(Records from a dataset)
-.-.-
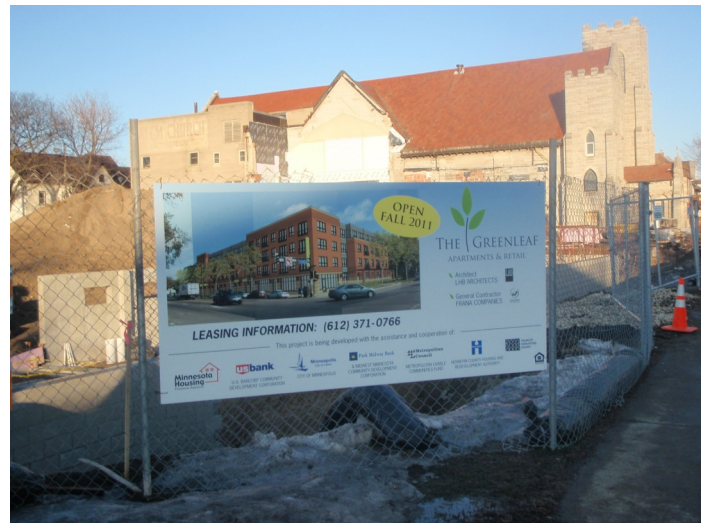
Standing at 28th and Lyndale facing east, northeast with The Greenleaf construction sign in the foreground, and the Ministry Center beyond.
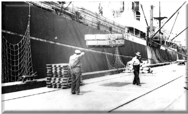
Vancouver docks, 1940's
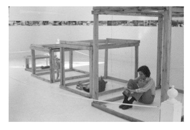
Fina Miralles Imatges del zoo , 1974 Fotografia a les sals de plata Col·lecció Museu d'Art de Sabadell ©Fina Miralles

This project seeks to readdress by journeying through a body of work of enormous importance.
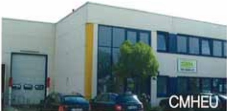
CMHEU Duisburg, Germany
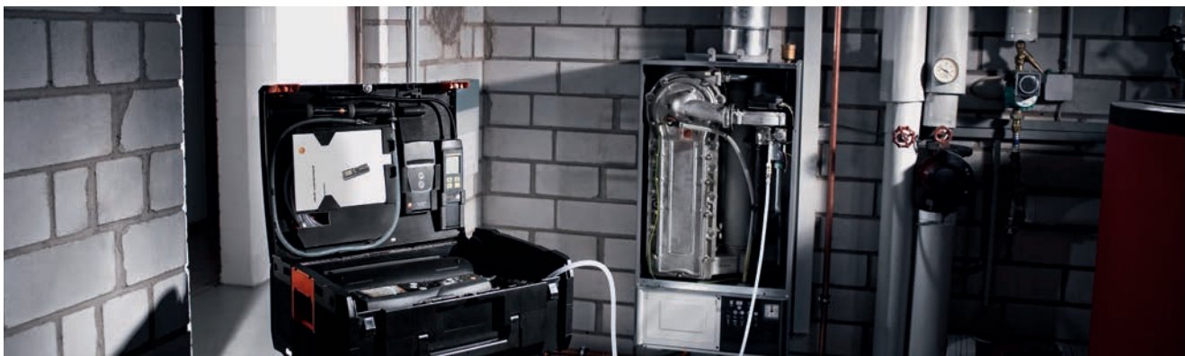
Automatic servicability test with gas-feed appliance with connection to the gas boiler
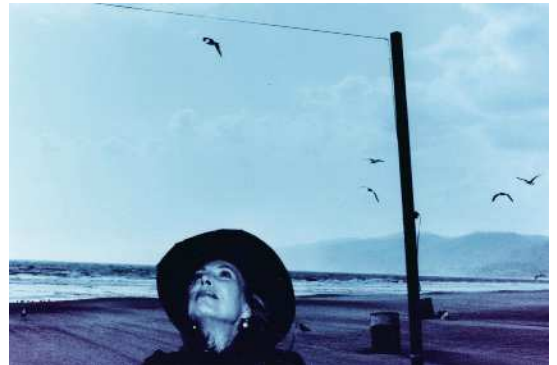
7) Joni Mitchell, Santa Monica 1999
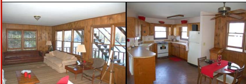
2 BR, 1.5 baths, 2nd Great Room w/Kitchen on Lower Level
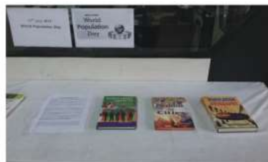
World Population Day
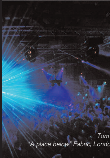
Tom Stapley "A place below" Fabric, London 2001
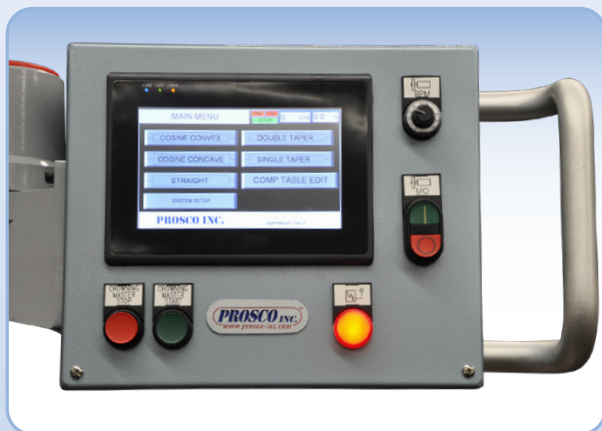
Optional Swing-Arm Mounted Controls
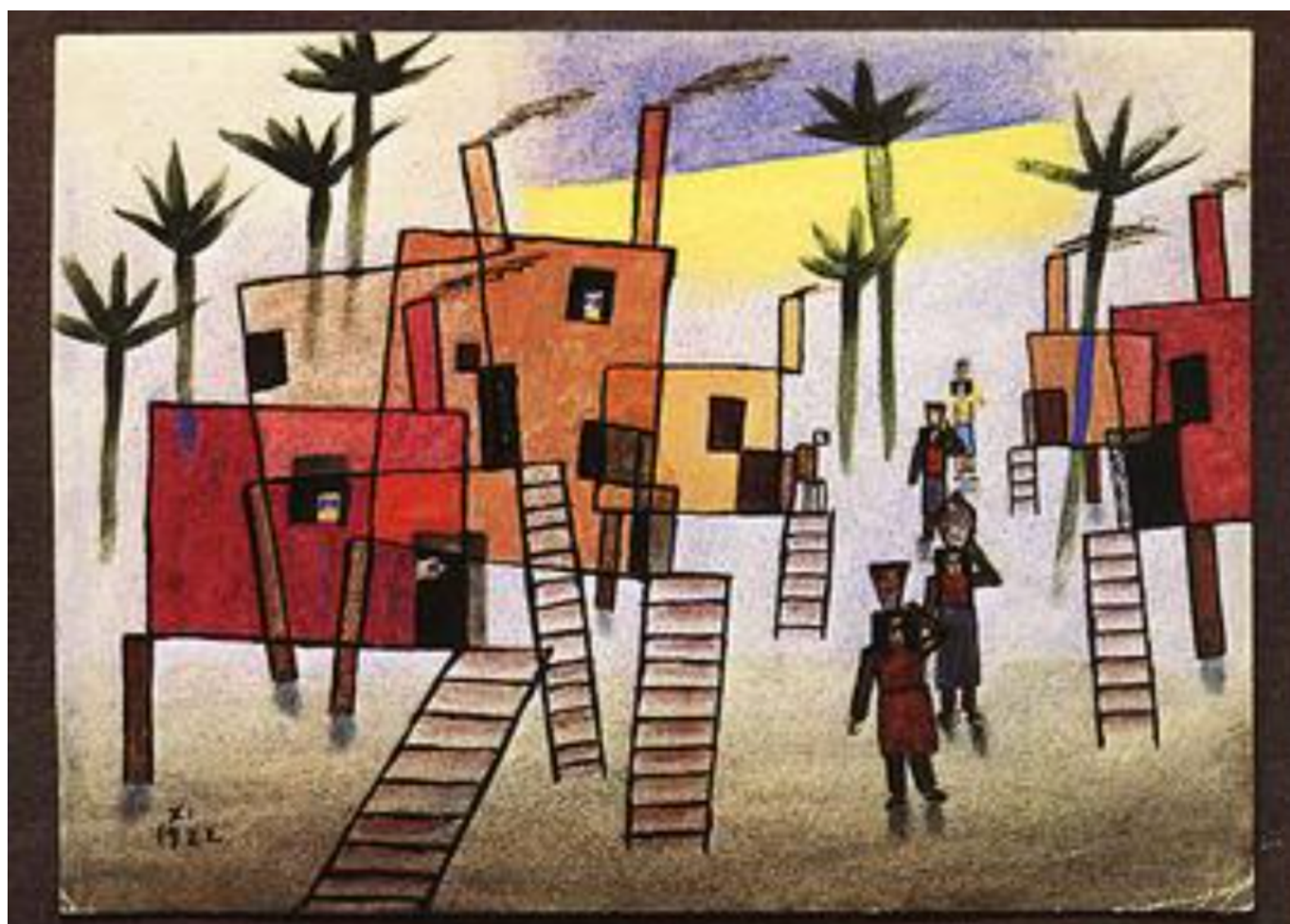
Xul Solar (Argentina), Casas en alto , 1922.

Nothing here will be alien to readers in South America or in South Asia, in Papua New Guinea or in Equatorial Guinea.
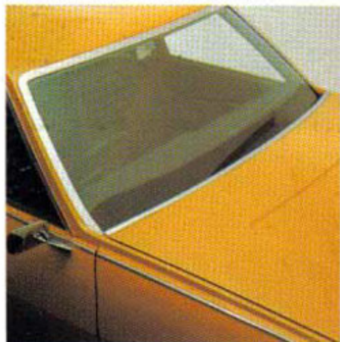
Recessed windscreen wipers.
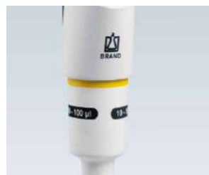
Integrated shaft coupling
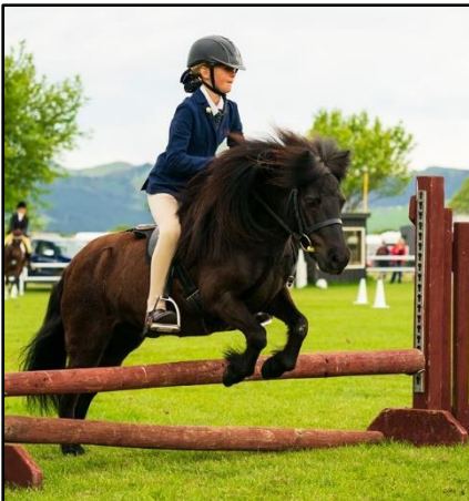
Left: Llewellyn Merlin Bottom Left: The cutest ever Lead Rein combination – Cotswold Alesha Below: part of the chilled out team – Llewellyn Moody Blue, Cotswold Foxfire, Llewellyn Melina and Llewellyn Spellbound
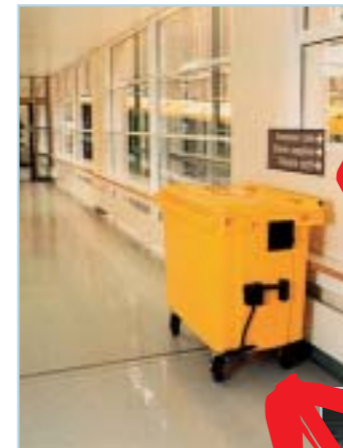
660 litre containers at ward
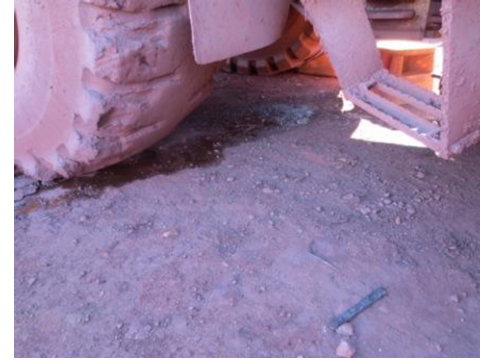
Hydraulic oil leak from truck
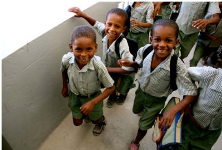
Students head back to school at St. Rose Primary School in the mountain town of Gris Gris.

Save the Date! Annual Gala March 5, 2011
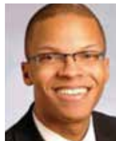
TERRELL L. STRAYHORN The Pursuit of Belonging
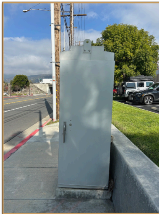
South (Side of Utility Box)
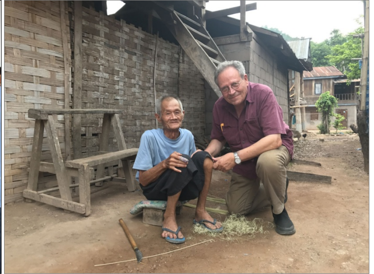
President of LRF spend some time getting to know an elder man at Ban Nasal village
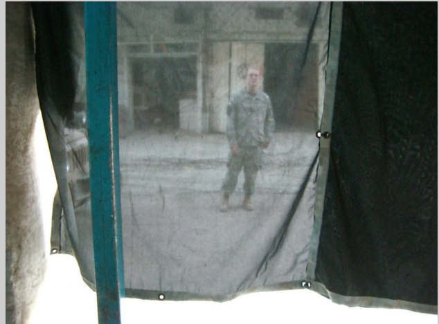
From the inside looking out. This is the same building. Notice you can still make out details, male vs female, in uniform, etc.

An evaluation of the PSV was done by US Army Military Police School (USAMPS), concluding results showed that the PSV is a very useful way of blocking the enemy's view of the valuable assets inside of a facility, while allowing the warfighter the capability of detecting and assessing targets on the exterior of the perimeter.
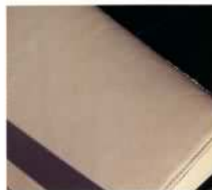
Shallower grain leather offers a more supple feel.
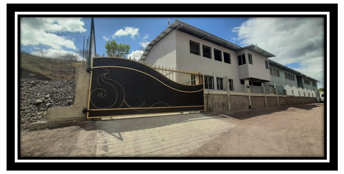
Want more frequent updates, pictures and videos? Check out the schools Facebook page at https://www.facebook.com/AcademiaCristianaPalacaguina/

Dios te bendiga de la familia Witonski!!! (God Bless you from the Witonski family)
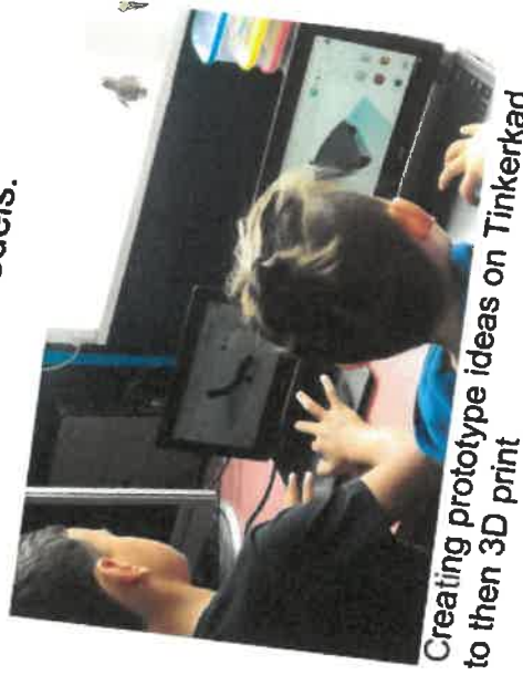
Creating prototype ideas on Tinkercad to then 3D print
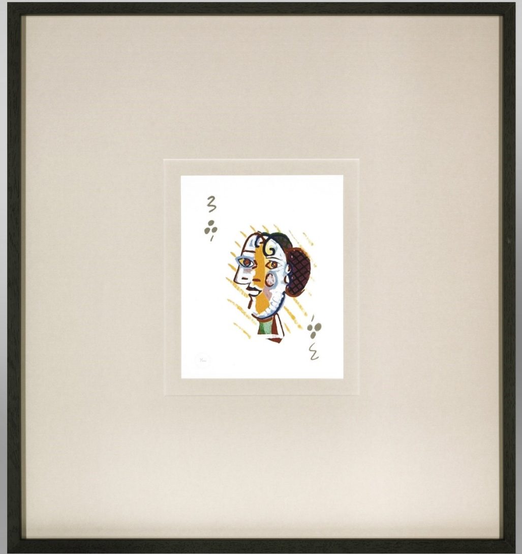
X 381 : 62x67 cm
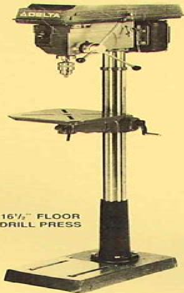
16 1/2" FLOOR DRILL PRESS
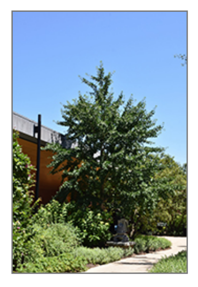
Autumn Gold Ginkgo

Begick Nursery 5993 West Side Saginaw Rd. Bay City, MI 48706 989.684.4210
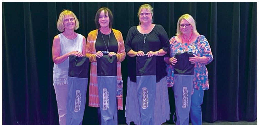
30 YEARS SERVICE: GISD employees honored for 30 years with the district.
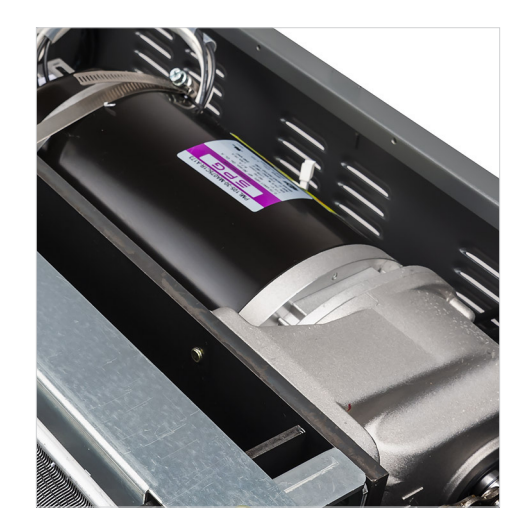
The continuous duty motor won't overheat under frequent use.
-.-.-
Give back exactly the lines from the one with "Begick Nursery 5993" through the end of the records above, inclusive, and omit any pictures.

Begick Nursery 5993 West Side Saginaw Rd. Bay City, MI 48706 989.684.4210
30 YEARS SERVICE: GISD employees honored for 30 years with the district.
The continuous duty motor won't overheat under frequent use.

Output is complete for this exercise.